What is needed is an exact copy of every entry below, minus the images.

########################################

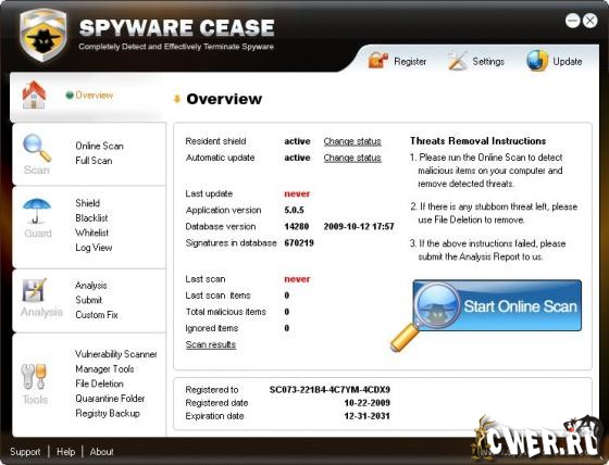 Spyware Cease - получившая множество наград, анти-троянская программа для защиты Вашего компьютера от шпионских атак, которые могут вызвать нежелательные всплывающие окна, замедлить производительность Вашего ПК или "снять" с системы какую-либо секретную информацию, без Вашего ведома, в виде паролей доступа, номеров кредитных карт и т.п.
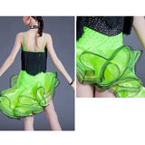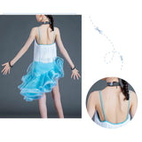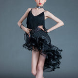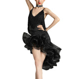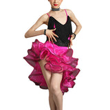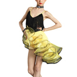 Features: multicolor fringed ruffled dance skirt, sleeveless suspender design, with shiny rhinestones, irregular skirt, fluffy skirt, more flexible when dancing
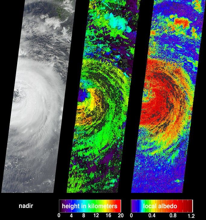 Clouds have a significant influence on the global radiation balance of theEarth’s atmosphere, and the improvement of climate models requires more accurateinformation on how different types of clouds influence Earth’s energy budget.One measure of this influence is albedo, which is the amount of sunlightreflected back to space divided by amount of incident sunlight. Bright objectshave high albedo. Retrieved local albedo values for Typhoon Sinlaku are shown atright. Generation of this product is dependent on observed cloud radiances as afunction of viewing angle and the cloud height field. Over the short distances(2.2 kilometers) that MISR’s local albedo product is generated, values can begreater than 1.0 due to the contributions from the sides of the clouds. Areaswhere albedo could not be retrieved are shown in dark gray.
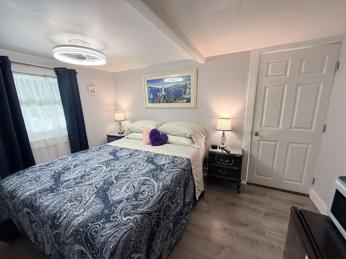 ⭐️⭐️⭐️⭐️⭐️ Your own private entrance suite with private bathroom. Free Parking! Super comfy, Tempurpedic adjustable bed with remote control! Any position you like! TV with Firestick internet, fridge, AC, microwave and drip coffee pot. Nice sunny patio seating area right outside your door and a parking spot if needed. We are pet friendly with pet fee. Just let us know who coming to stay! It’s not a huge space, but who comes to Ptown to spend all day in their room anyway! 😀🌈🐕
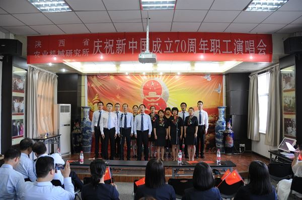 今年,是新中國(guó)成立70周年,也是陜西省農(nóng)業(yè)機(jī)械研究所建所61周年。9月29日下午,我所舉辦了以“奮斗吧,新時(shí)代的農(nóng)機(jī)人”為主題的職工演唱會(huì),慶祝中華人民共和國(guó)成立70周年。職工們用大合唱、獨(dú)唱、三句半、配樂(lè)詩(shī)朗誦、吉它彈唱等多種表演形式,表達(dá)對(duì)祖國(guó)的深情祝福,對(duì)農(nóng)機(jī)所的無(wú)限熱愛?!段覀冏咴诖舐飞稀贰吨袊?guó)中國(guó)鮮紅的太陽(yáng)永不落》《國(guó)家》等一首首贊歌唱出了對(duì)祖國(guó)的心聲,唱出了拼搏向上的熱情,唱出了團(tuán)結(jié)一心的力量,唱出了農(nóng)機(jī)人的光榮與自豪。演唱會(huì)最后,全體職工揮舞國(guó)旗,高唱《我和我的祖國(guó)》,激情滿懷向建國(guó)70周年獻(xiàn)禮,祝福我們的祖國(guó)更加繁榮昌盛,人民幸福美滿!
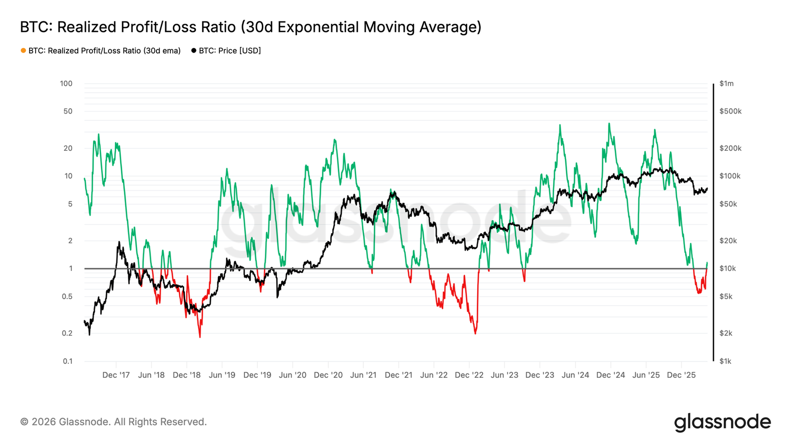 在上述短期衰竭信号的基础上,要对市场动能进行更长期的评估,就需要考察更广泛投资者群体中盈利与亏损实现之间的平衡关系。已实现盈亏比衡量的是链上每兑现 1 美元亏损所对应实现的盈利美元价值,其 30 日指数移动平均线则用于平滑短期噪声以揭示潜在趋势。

########################################

_ANSWER TO THIS PROBLEM:_
 Spyware Cease - получившая множество наград, анти-троянская программа для защиты Вашего компьютера от шпионских атак, которые могут вызвать нежелательные всплывающие окна, замедлить производительность Вашего ПК или "снять" с системы какую-либо секретную информацию, без Вашего ведома, в виде паролей доступа, номеров кредитных карт и т.п.
 Features: multicolor fringed ruffled dance skirt, sleeveless suspender design, with shiny rhinestones, irregular skirt, fluffy skirt, more flexible when dancing
 Clouds have a significant influence on the global radiation balance of theEarth’s atmosphere, and the improvement of climate models requires more accurateinformation on how different types of clouds influence Earth’s energy budget.One measure of this influence is albedo, which is the amount of sunlightreflected back to space divided by amount of incident sunlight. Bright objectshave high albedo. Retrieved local albedo values for Typhoon Sinlaku are shown atright. Generation of this product is dependent on observed cloud radiances as afunction of viewing angle and the cloud height field. Over the short distances(2.2 kilometers) that MISR’s local albedo product is generated, values can begreater than 1.0 due to the contributions from the sides of the clouds. Areaswhere albedo could not be retrieved are shown in dark gray.
 ⭐️⭐️⭐️⭐️⭐️ Your own private entrance suite with private bathroom. Free Parking! Super comfy, Tempurpedic adjustable bed with remote control! Any position you like! TV with Firestick internet, fridge, AC, microwave and drip coffee pot. Nice sunny patio seating area right outside your door and a parking spot if needed. We are pet friendly with pet fee. Just let us know who coming to stay! It’s not a huge space, but who comes to Ptown to spend all day in their room anyway! 😀🌈🐕
 今年,是新中國(guó)成立70周年,也是陜西省農(nóng)業(yè)機(jī)械研究所建所61周年。9月29日下午,我所舉辦了以“奮斗吧,新時(shí)代的農(nóng)機(jī)人”為主題的職工演唱會(huì),慶祝中華人民共和國(guó)成立70周年。職工們用大合唱、獨(dú)唱、三句半、配樂(lè)詩(shī)朗誦、吉它彈唱等多種表演形式,表達(dá)對(duì)祖國(guó)的深情祝福,對(duì)農(nóng)機(jī)所的無(wú)限熱愛?!段覀冏咴诖舐飞稀贰吨袊?guó)中國(guó)鮮紅的太陽(yáng)永不落》《國(guó)家》等一首首贊歌唱出了對(duì)祖國(guó)的心聲,唱出了拼搏向上的熱情,唱出了團(tuán)結(jié)一心的力量,唱出了農(nóng)機(jī)人的光榮與自豪。演唱會(huì)最后,全體職工揮舞國(guó)旗,高唱《我和我的祖國(guó)》,激情滿懷向建國(guó)70周年獻(xiàn)禮,祝福我們的祖國(guó)更加繁榮昌盛,人民幸福美滿!
 在上述短期衰竭信号的基础上,要对市场动能进行更长期的评估,就需要考察更广泛投资者群体中盈利与亏损实现之间的平衡关系。已实现盈亏比衡量的是链上每兑现 1 美元亏损所对应实现的盈利美元价值,其 30 日指数移动平均线则用于平滑短期噪声以揭示潜在趋势。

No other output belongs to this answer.